Guide
LLM embeddings explained: vectors, similarity search and model choice
A chat LLM predicts the next token. An embedding model maps whole passages into a single dense vector — a point in high-dimensional space where semantic similarity becomes geometric closeness. "Refund policy for damaged goods" and "how to return a broken item" may share no keywords, yet their embeddings sit near each other. That property powers retrieval-augmented generation (RAG), deduplication, clustering, recommendation, and multimodal search when image and text share a joint embedding space. This guide explains how embeddings are trained, which similarity metrics matter, how to chunk and index text for vector search, and how to evaluate models before you commit to one in production.
What an embedding actually is
Given input text (or an image, audio clip, or code snippet), an embedding model outputs a fixed-length array of floats — commonly 384, 768, 1,024, or 1,536 dimensions. Each dimension is not human-interpretable; meaning lives in the relationship between vectors. Two passages about the same topic should have a small angle between their vectors; unrelated passages should be far apart.
Embeddings are not the same as the hidden states inside a generative LLM during chat. Chat models optimize for fluent continuation; embedding models optimize for retrieval — pulling similar items together and pushing dissimilar items apart. You typically call a dedicated embedding endpoint (or run a small encoder locally), store the vectors in a database, and query by nearest neighbor — not by feeding embeddings back into a chat prompt as raw numbers.
Tokenization still matters: the same tokenizer boundaries that affect LLM context windows also cap how much text a single embedding can represent. Most models truncate or pool over the first N tokens (often 512–8,192). Long documents must be split into chunks, each embedded separately.
How embedding models are trained
Modern text embedders are usually fine-tuned from transformer encoders using one or more of these objectives:
Contrastive learning
Pairs of similar texts (query + relevant passage, duplicate questions, translated sentences) are pulled together; random negatives are pushed apart. Loss functions like InfoNCE and triplet loss shape the geometry of the space. Hard-negative mining — choosing negatives that are superficially similar but semantically wrong — is what separates mediocre embedders from strong ones.

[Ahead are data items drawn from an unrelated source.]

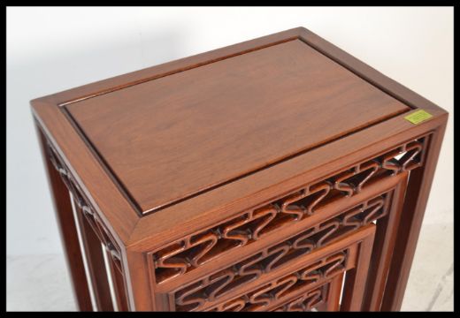 A 20th century Oriental Chinese hardwood quartetto nest of four graduating tables.The rectangular tops above carved freize sections, raised on squared legs united by stretchers. Measures: 66cm high x 51cm wide x 36cm deep.
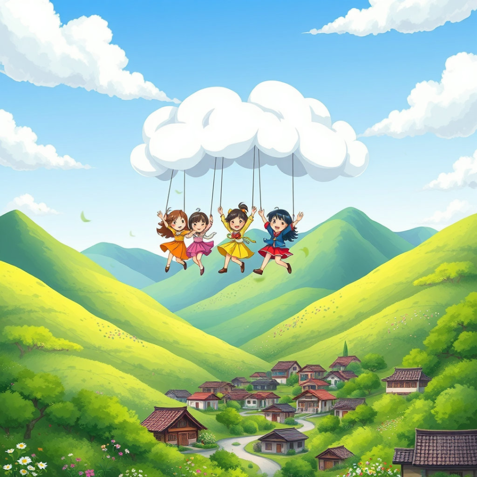 구름 위 신비한 하늘마을에 사는 다섯 친구는 언제나 새로운 세상을 배우고 싶어 했습니다. 그래서 구름다리를 타고 내려올 수 있는 특별한 모험을 떠났지요. 그들이 도착한 곳은 산과 강이 어우러지고, 사계절이 아름답게 흐르는 나라, 한국이었습니다.
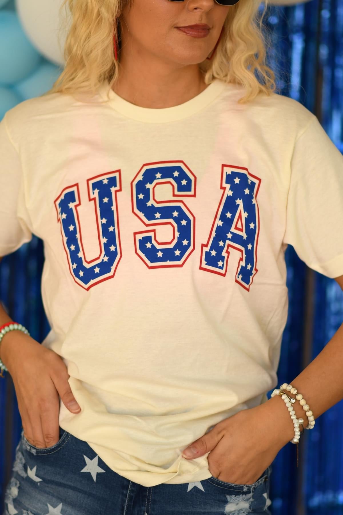 Embrace American pride with our USA Stars tee! Featuring a classic ivory color and patriotic stars design, this tee is perfect for any party or event celebrating our nation's independence. Show off your love for the USA in style with this must-have shirt.
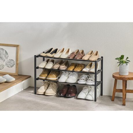 LIV PLUS シューズラック 伸縮 3段 靴 収納 玄関 ブラック NY-361
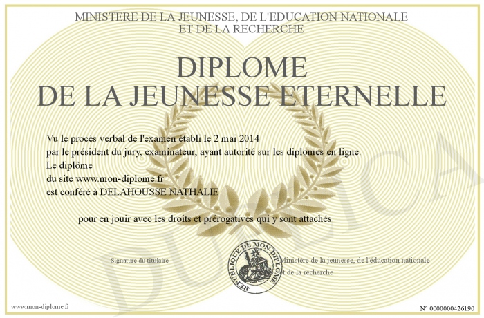 Envoyez par email votre Diplôme de la jeunesse eternelle personalisé
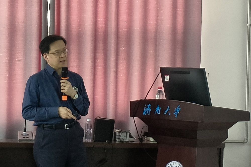 3月30日,应化学化工学院邀请,香港理工大学理学院黄维扬院士和许林利助理教授一行来济南大学进行学术交流,交流会由化学化工学院院长陈国柱教授主持,60余位教师和研究生参加交流活动。
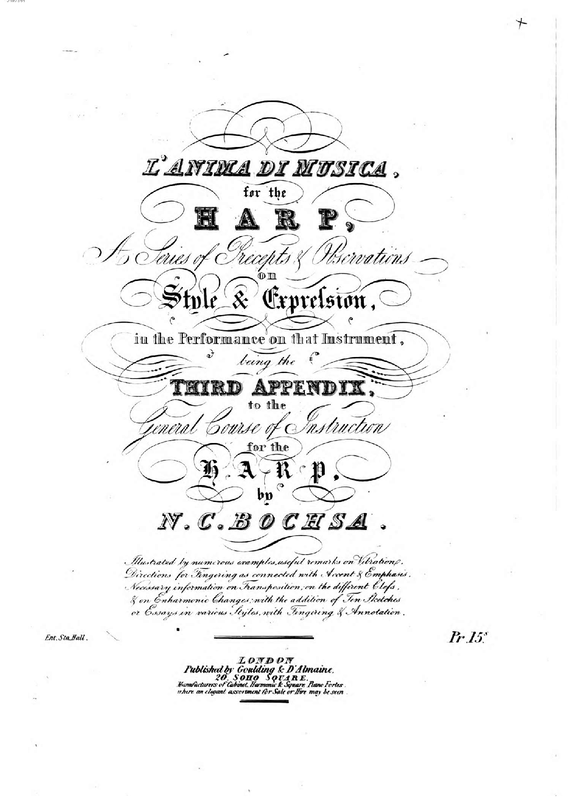| Alternative. Title | L'Anima di Musica for the harp, a series of precepts & observations on style & expression, in the performance on that instrument, being the third appendix to the General Course of Instruction for the Harp |

Matryoshka and variable dimensions
Some models (OpenAI text-embedding-3, Nomic Matryoshka variants) train
so that the first k dimensions of a larger vector remain useful on their
own. You can store 1,536-dim vectors for quality-critical search and 256-dim
vectors for coarse pre-filtering, cutting storage and index size without retraining.
Instruction prefixes
Models like E5 and BGE expect different prefixes for queries vs documents —
e.g. query: and passage: . Skipping the prefix or
using the wrong one measurably hurts recall. Always read the model card; treat
prefixes as part of your API contract.
Similarity metrics: cosine, dot product, Euclidean
Once you have vectors, search means "find the stored vectors closest to the query vector." The metric must match how the model was trained:
- Cosine similarity — measures the angle between vectors, ignoring magnitude. Default for most text embedders. Values range from -1 to 1; higher is more similar. Normalizing vectors to unit length before indexing makes cosine equivalent to dot product, which speeds SIMD math.

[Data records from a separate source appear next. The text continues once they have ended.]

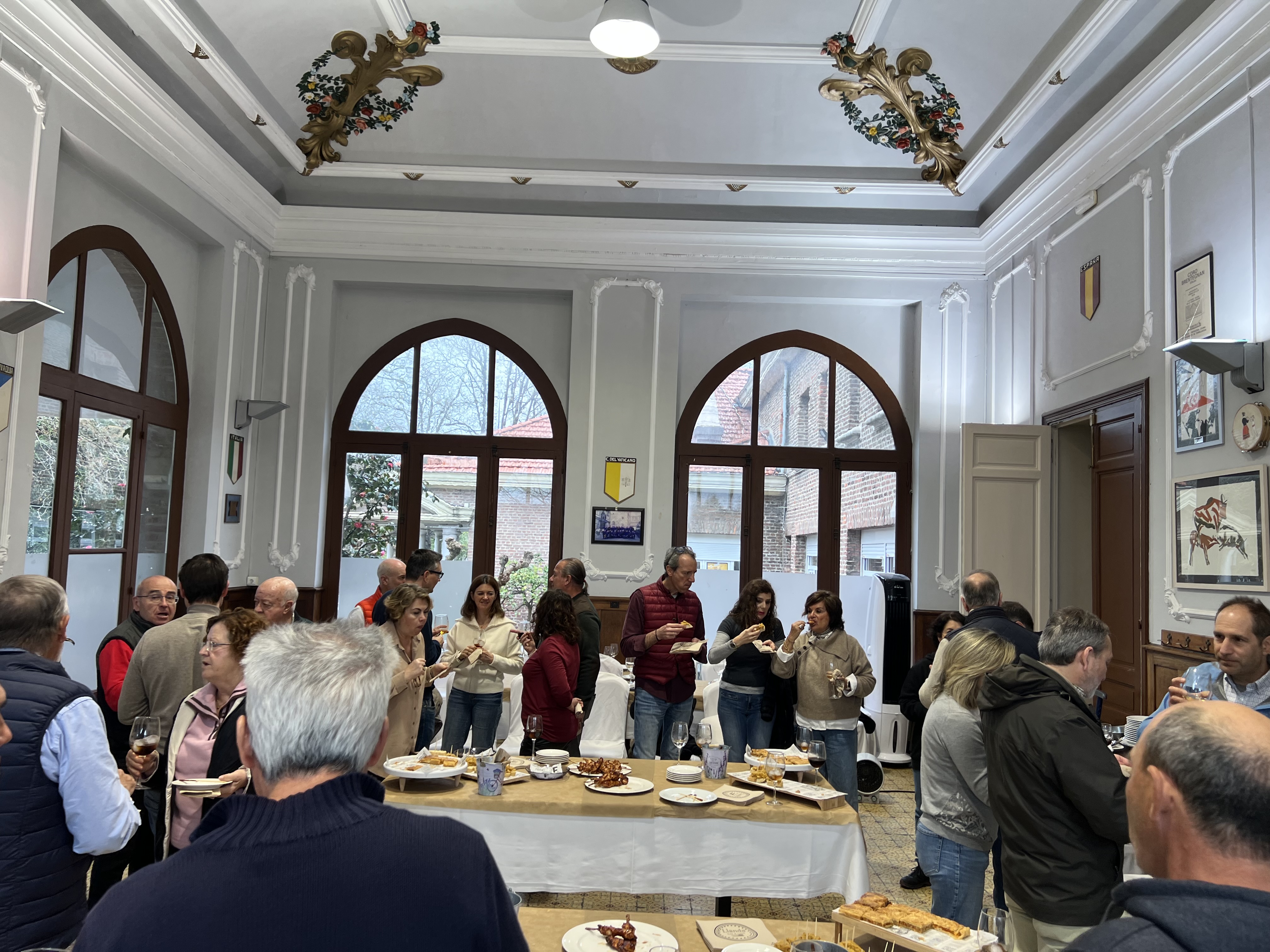 Salimos de Cartes por Riocorvo dirección a Los Corrales y seguimos hasta Arenas de Iguña, allí cruzamos por La Montaña para ir al valle de Toranzo y dirigirnos al norte para pasar por Puente Viesgo y poco después desviarnos a la izquierda por un tramo en el que debía de haber un rally de clásicos haciendo el sentido contrario. Esto nos acercó de nuevo a Torrelavega donde nos esperaban en el casino con las puertas de los jardines abiertas para nuestro aparcamiento y dentro un picoteo abundante y delicioso para recuperar fuerzas.
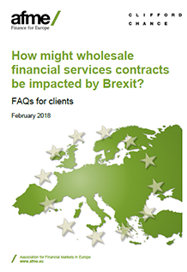 AFME has published a guide “How might wholesale financial services contracts be impacted by Brexit?: FAQs for Clients”. This guide, published in conjunction with Clifford Chance, is part of our ongoing work to provide insight on issues arising out of the UK’s withdrawal from the EU.
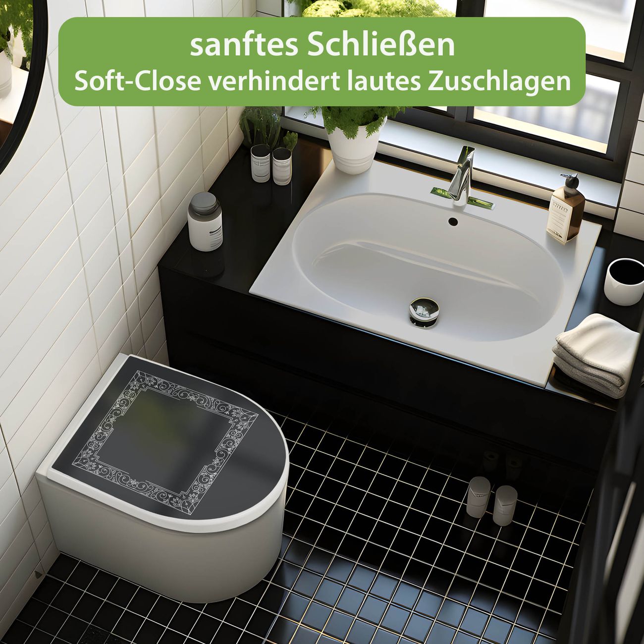 WC Sitz mit Absenkautomatik D Form Motiv Elegantes Ornament

- Dot product — fast when vectors are normalized; some models (especially unnormalized ones) are trained with dot-product loss instead.
- Euclidean (L2) distance — common in image embeddings and some older pipelines; less typical for modern text APIs unless the provider specifies it.
Mixing metrics — indexing with cosine but evaluating with L2 — silently degrades recall. Lock the metric in your vector index configuration and in your offline eval harness.
Choosing an embedding model
No single model wins every benchmark. Use your domain, language mix, latency budget, and hosting constraints as filters, then validate on your queries:
Hosted APIs
OpenAI text-embedding-3-small and -large, Cohere Embed,
Voyage, and Google Gemini embedding endpoints offer strong out-of-the-box quality,
automatic updates, and predictable SLAs. Cost scales with tokens embedded; batch
APIs reduce price for offline indexing jobs.
Open-weight encoders
Models like bge-large-en-v1.5, e5-mistral-7b-instruct,
nomic-embed-text-v1.5, and gte-Qwen2 run on your own GPU
or CPU via sentence-transformers, ONNX, or llama.cpp-style runtimes. You pay
infra instead of per-token API fees and keep data on-prem — important for regulated
workloads.
Multilingual and domain-specific
English-only models underperform on mixed-language corpora. Legal, medical, and code domains often benefit from domain-tuned embedders or fine-tuning on in-house query–document pairs. A model that tops the public MTEB leaderboard can still fail on your acronyms and product names.
Dimension vs quality trade-off
Higher dimensions capture finer distinctions but multiply storage and ANN index memory. A 1,536-dim index with 10 million rows is not trivial on pgvector; 384-dim may suffice for FAQ-scale retrieval. Benchmark at the dimension you plan to ship.
Chunking and indexing for RAG
Embeddings represent chunks, not whole knowledge bases. Chunking strategy often matters more than model choice for end-to-end RAG quality:
- Fixed token windows (256–512 tokens with 10–20% overlap) — simple, works for uniform prose. Overlap prevents answers from sitting on a boundary cut.
- Structure-aware splits — respect markdown headings, HTML sections, PDF page breaks, or code function boundaries. Preserves semantic units better than blind token splits.
- Parent–child indexing — embed small chunks for precise retrieval but return a larger parent span to the LLM for context. Balances recall and context completeness.
- Metadata sidecars — store source URL, section title, date, and access tier alongside each vector. Filter before vector search to avoid retrieving stale or unauthorized chunks.
Re-embed when you change models. Vectors from different embedders are not comparable — mixing them in one index destroys search quality.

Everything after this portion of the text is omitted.